How much did you buy your bow for and where? I was looking at it at Jays in Gaylord but they want top dollar.
_Posted via Mobile Device_


----------



## KalamazooKid (Jun 20, 2005)

Yea, I was in there a few days ago too .... what, $869 there? At my shop in Kazoo they are $829 (I think a little better for us "preferred" customers).


----------



## sullyxlh (Oct 28, 2004)

$799 if ya shop around.


----------



## ENCORE (Sep 19, 2005)

With the numbers of people wanting the bow, you'll definately have to look around for the best price.

However, might I suggest that you purchase from a local pro shop that you trust and like. Service will be much better and a whole lot easier if you purchase somewhere close. There's a lot of owners out there that need to make a living in small shops.

Set it up right and you're going to love the bow!


----------



## goodworkstractors (Aug 7, 2007)

I bought mine at Kruzienga's for $829. The price tag actually said $789 although I know they must have made mistake and mis-marked it. I could have complained, but the local shop's gotta make a living. They provide great service and are great guys over there. I recommend them.


----------



## Firefighter (Feb 14, 2007)

You can find them as low as 729. Call around.


----------



## srconnell22 (Aug 27, 2007)

My girlfriend paid $665 for mine!


----------



## ENCORE (Sep 19, 2005)

srconnell22 said:


> My girlfriend paid $665 for mine!


Someone's going to ask the question, so it might as well be Encore..... "She got a sister?" Better hang on to that girl !!


----------



## HunterHads (Jun 28, 2005)

$665! Ummmm where!?!?
_Posted via Mobile Device_


----------



## KalamazooKid (Jun 20, 2005)

srconnell22 said:


> My girlfriend paid $665 for mine!


OK, that's it ..... note to self .... send the wife/girlfriend in to get next bow.


----------



## srconnell22 (Aug 27, 2007)

ENCORE said:


> Someone's going to ask the question, so it might as well be Encore..... "She got a sister?" Better hang on to that girl !!


Yes, but they are all married. Sorry! 



KalamazooKid said:


> OK, that's it ..... note to self .... send the wife/girlfriend in to get next bow.

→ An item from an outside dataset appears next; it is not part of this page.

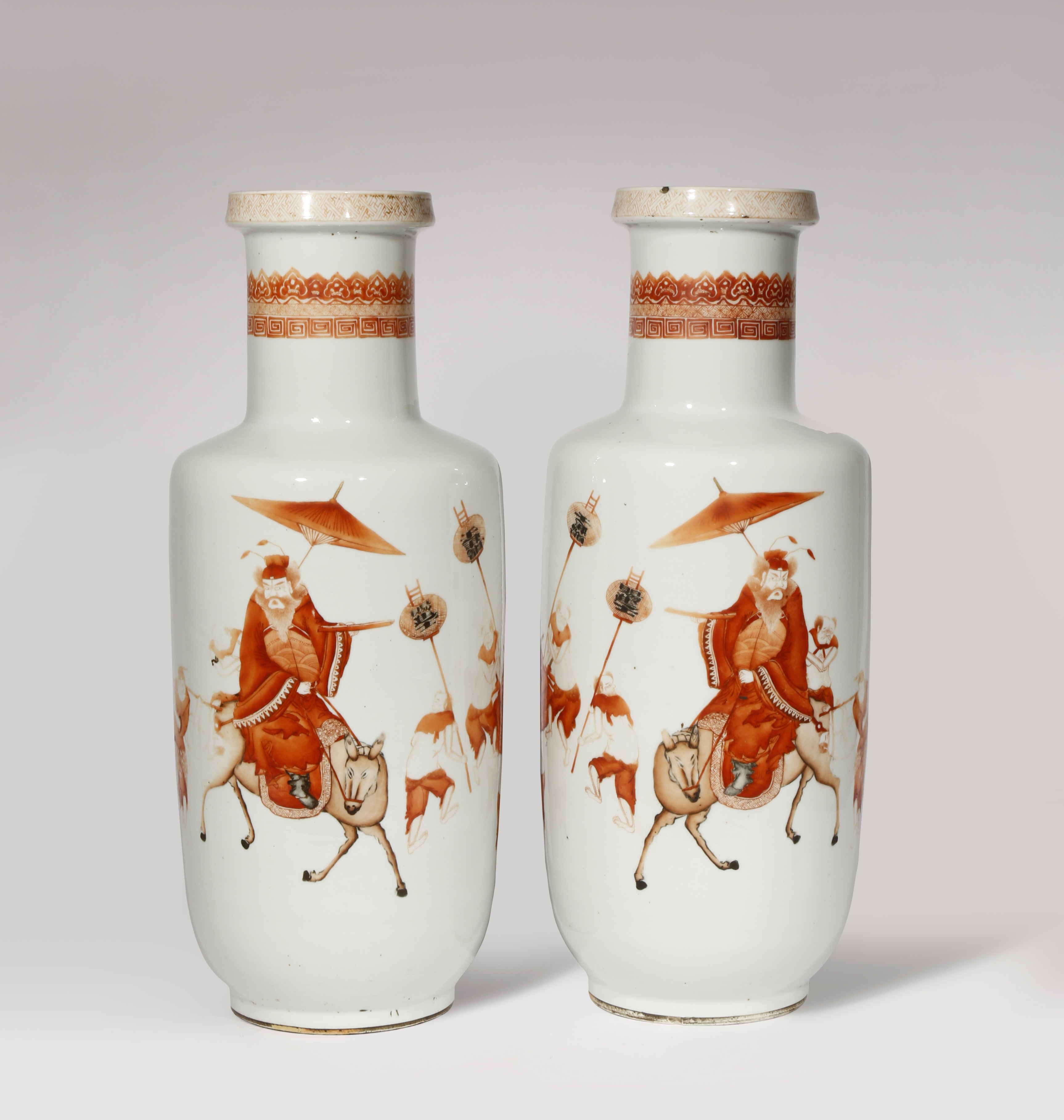 The tall body of each painted in iron-red with Zhong Kui riding on horseback in a procession, the vanquisher of ghosts surrounded by his quelled demons carrying gongs, lanterns, parasols and prisoners, with areas of detail picked out in black and gilt, the cylindrical necks decorated with bands of key fret, diaper and ruyi-heads, with geometric patterns encircling the mouthrim, 46.4cm. (2)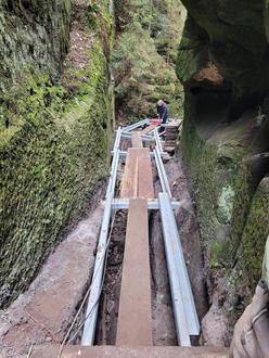 Sie müssen alles Neue von oben bis zur Baustelle tragen und alles, was wegmuss, von der Baustelle bis nach Rathen. Ich kann Ihnen bestätigen, dass dies durchweg schwere Gegenstände sind, egal ob Eisenträger oder Auflagen.

Yep! One of the many perks!


----------



## rattletot (Feb 19, 2009)

$665:help: I would have never purchased a Mission Voyager for $600
our Mathew's dealer up here is $879 msrp is $899 on the Z7...lol


----------



## BuckRubnMI (Sep 5, 2008)

I'm starting to see them show up on AT classifieds already so that might be another option. There's one listed now for $725. I would buy locally though and brand new. The shop by me wants $859 I believe.


----------



## brushbuster (Nov 9, 2009)

I bought mine at Jays in Gaylord. By the time i drive down state or T.C i spent at least 3 hrs and 30-60 in gas. I have to purchase on layaway and then get it set up and if something breaks... I just spent way more then i would have if i bought at Jays in Gaylord. So i bought it at the Gaylord Jays. Thats the price i pay for living in the north.


----------